You said that the rich are entitled to the freedoms as anyone else but shrugs off that only the rich have the effective means to make use of these instruments. They are quite capable of being completely invisible to public scrutiny by holding all their assets as an individual.

They choose to take steps to leverage opaque often intentionally complicated corporate layering schemes to minimize risk, skirt (legally or not) tax, or to layer the sources of bad money.

Whatever the reason for engaging in these games, I believe they are no longer "living life like every citizen deserves privacy" (note your comment spoke of total privacy from oversight which no citizen pretty much anywhere actually has).

I'm at least happy that my home of Canada is starting to chip away the corporate veil.


Everyone who owns shares in a retirement fund benefits from the privacy afforded by these instruments.
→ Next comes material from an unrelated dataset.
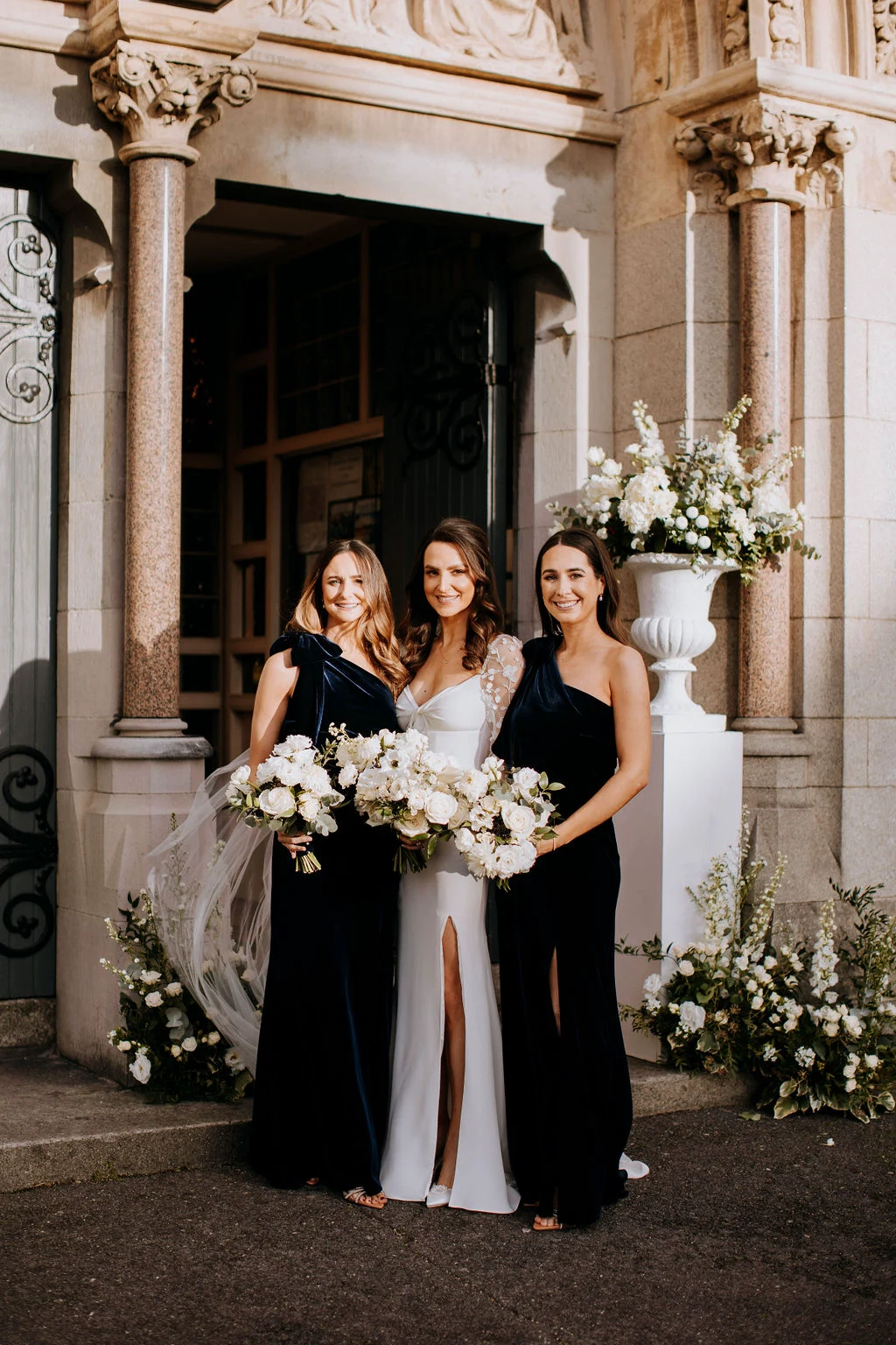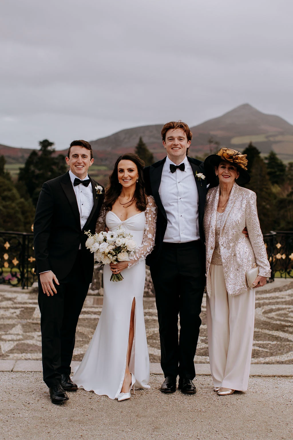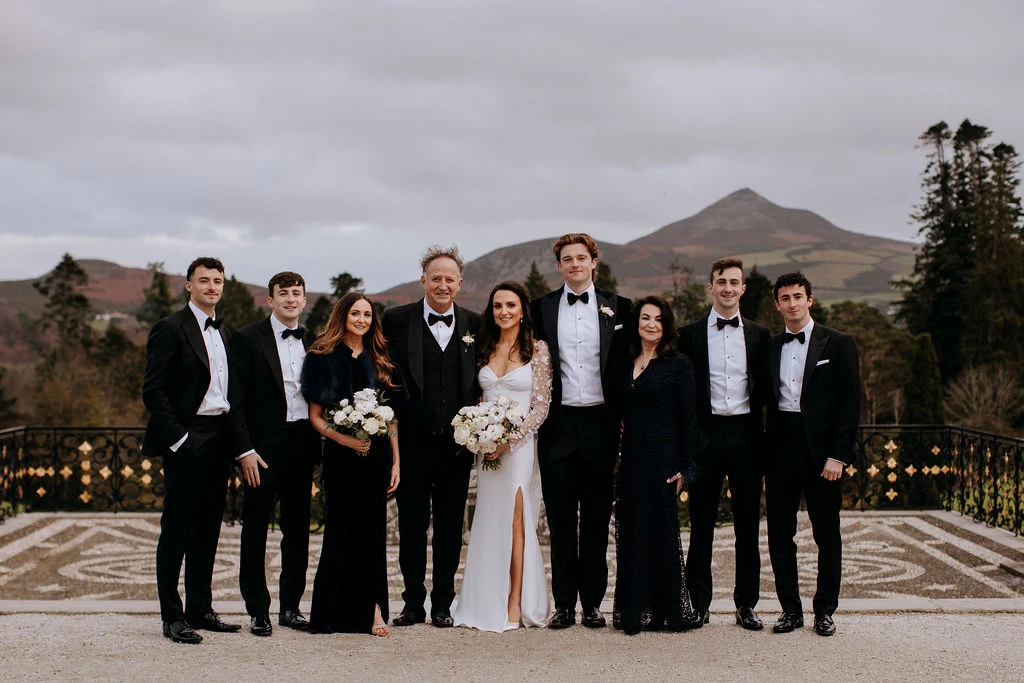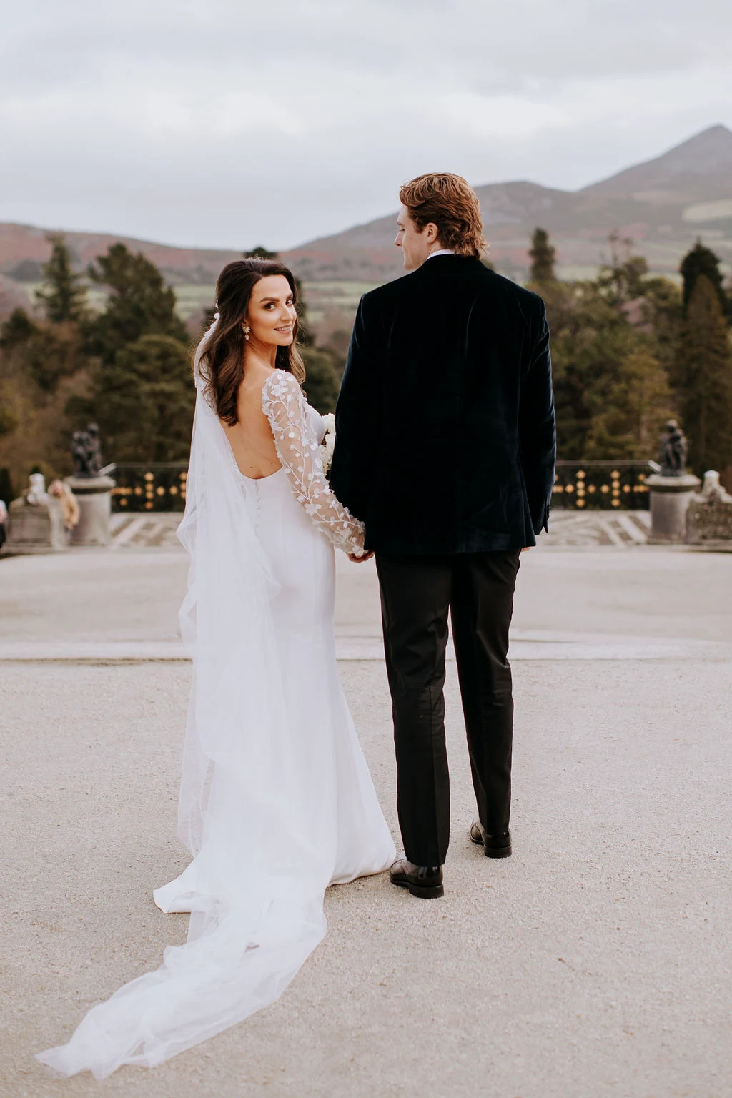Bridesmaid dresses: Folkster. Make-up: Lisa Shannon. Hair: Lou Merryweather. Cake: Marian Johnson, I bake cakes. Flowers: Fernwood Floral Studio. Food: Powerscourt Hotel. Wedding dresses: The Suite & Helen Cody. Tuxedo: Louis Copeland. Music: Katherine Gavin. Wedding band: Spring Break. Videographer: Paul from Old Pine Films. Wedding planner: Aoife Hodgins, Blue Blossom Creative.

If every beneficial owner of every corporation had to be publicly registered, that'd be an enormous proportion of the regular public!

Think about what it would mean that anyone could, at any time, look up all the investing choices of anyone in the country.
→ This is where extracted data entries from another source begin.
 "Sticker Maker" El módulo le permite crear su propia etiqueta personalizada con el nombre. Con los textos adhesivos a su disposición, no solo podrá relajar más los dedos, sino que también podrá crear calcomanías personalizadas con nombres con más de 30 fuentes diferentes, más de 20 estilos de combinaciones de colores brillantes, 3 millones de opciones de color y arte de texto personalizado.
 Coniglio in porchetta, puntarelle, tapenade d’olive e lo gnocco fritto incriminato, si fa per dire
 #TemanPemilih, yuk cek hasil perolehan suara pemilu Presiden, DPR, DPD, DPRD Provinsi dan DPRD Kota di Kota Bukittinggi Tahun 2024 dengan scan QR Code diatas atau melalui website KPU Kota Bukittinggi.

It would be truly fascinating information but yes in our current level of innovation and maturity, totally bonkers.

It's totally a thing to have trades pegged to US politicians' investment choices, because they often have the knowledge not available to the public to make "better" (financially) decisions.
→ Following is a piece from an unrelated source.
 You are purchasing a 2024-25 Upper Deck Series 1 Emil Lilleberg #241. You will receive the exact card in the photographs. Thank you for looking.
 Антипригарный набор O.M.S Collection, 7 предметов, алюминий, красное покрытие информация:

As per your first comment, this is generally the difference between an active and passive investor which usually works out to someone who owns about 10% of any given company. It's probably a little too high as it isn't hard to imagine a cabal of 11 wealthy tax dodgers playing games with the reporting requirements.

I believe most laws getting enacted which are addressing corporate secrecy are primarily targetting the active owners of companies and usually unnamed beneficiaries who have a benefit to the company/trust who aren't specifically owners, who can reap the benefits of the company's assets without strictly their name of the deed so to speak.

Again, most of this revolves around what is asked by government officials for auditing and less about what information is being dumped into public information.


Your home in Canada just recently demanded blind trusts all report their members personal information to the government. Far from engaging only the rich, that demand hit millions of every day citizens with shared bank accounts with their parents or kids. Those are setup for a variety of reasons, one of which is to circumvent probate tax! Yep, by everyday non-rich people!

However, note that the CRAs information collection did not make your personal bank account information public. Would you prefer that it had? I used the example of a blind trust here because "non-blind" trusts are one of the common uses of non-commercial corporate entities.

Also, I never once said "total privacy from oversight", all these corporate entities already supply financial and ownership information to the government, whose job it is to hold them to account. This is not the same and making information public so a rabid mob of people can enact vigilante justice, or whatever people like you hope comes out of it.


>Your home in Canada just recently demanded blind trusts all report their members personal information to the government. Far from engaging only the rich, that demand hit millions of every day citizens with shared bank accounts with their parents or kids. Those are setup for a variety of reasons, one of which is to circumvent probate tax! Yep, by everyday non-rich people!

How does this hurt anyone though? That is not clear at all. The thing you're upset about here is that blind trust members information is reported to the government, but with no clear statement how this hurts anyone, wealthy or not.

Chances are, the information turned over the government has anyway.

If this is a legal mechanism to circumvent probate taxes, then its not a problem. If not, well, even regular people should pay their taxes, no?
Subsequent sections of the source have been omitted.